In the listing that follows, find the line with "Riot shares (NASDAQ: RIOT)", then copy exactly from it through the line with "Danach steigen wir", leaving out every picture.

◆ Supplied information ◆

━━━━━━━━━━━━━━━━━━━━

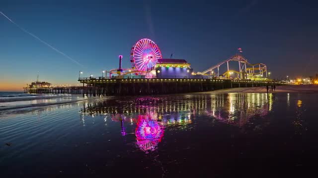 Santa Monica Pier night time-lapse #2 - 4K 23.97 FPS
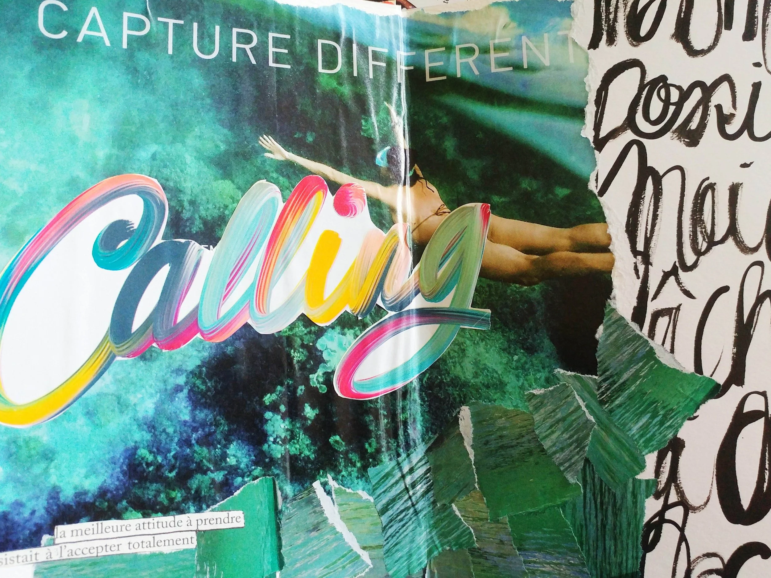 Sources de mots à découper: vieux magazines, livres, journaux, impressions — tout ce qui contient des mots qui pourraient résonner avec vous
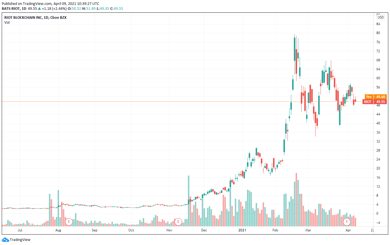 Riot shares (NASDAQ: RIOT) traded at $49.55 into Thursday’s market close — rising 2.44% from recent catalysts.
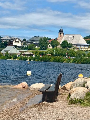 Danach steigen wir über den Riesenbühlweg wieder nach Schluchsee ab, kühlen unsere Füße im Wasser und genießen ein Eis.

━━━━━━━━━━━━━━━━━━━━

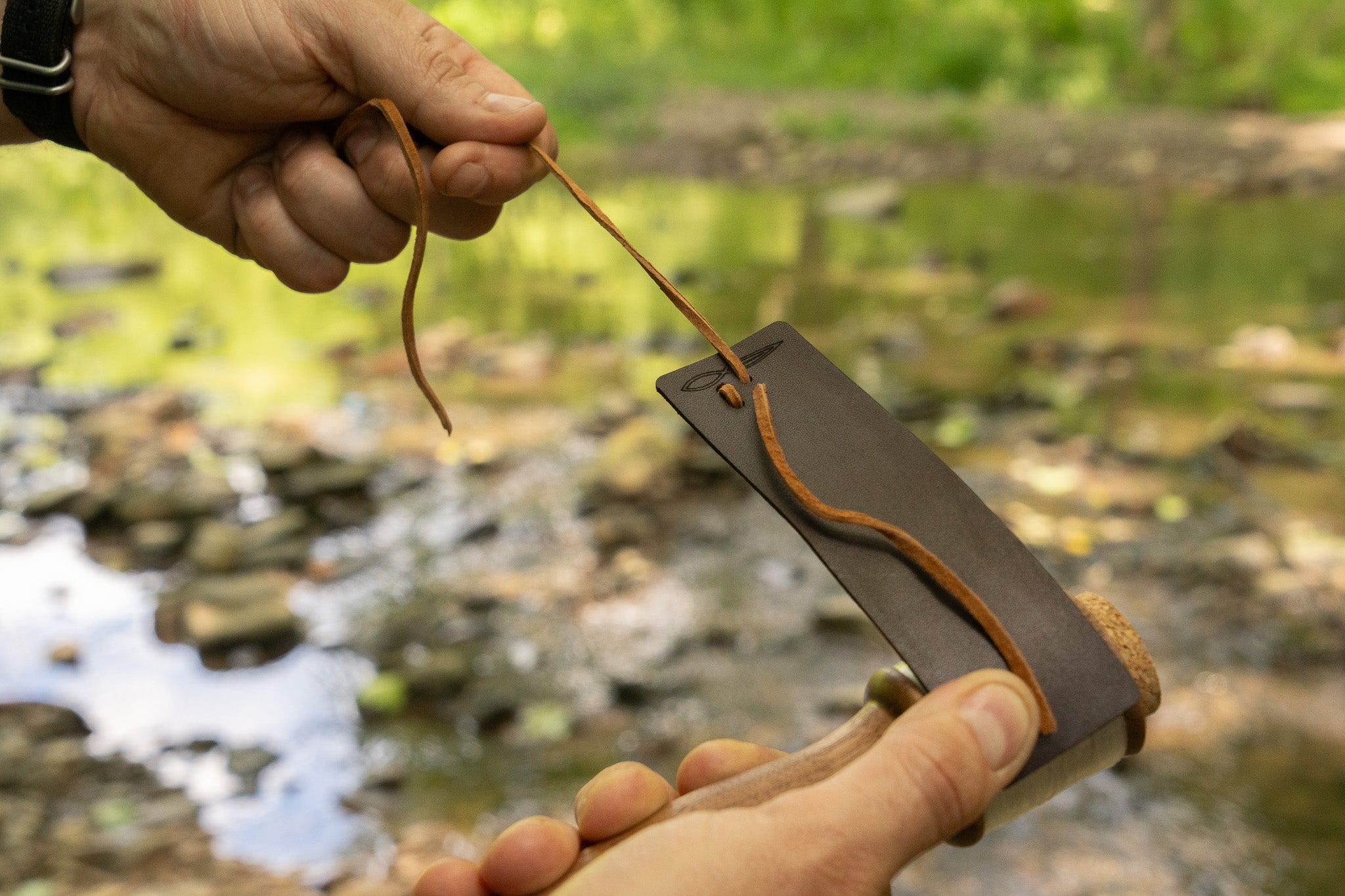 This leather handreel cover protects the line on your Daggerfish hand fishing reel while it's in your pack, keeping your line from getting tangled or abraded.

━━━━━━━━━━━━━━━━━━━━

◆ Answer to the exercise ◆
 Riot shares (NASDAQ: RIOT) traded at $49.55 into Thursday’s market close — rising 2.44% from recent catalysts.
 Danach steigen wir über den Riesenbühlweg wieder nach Schluchsee ab, kühlen unsere Füße im Wasser und genießen ein Eis.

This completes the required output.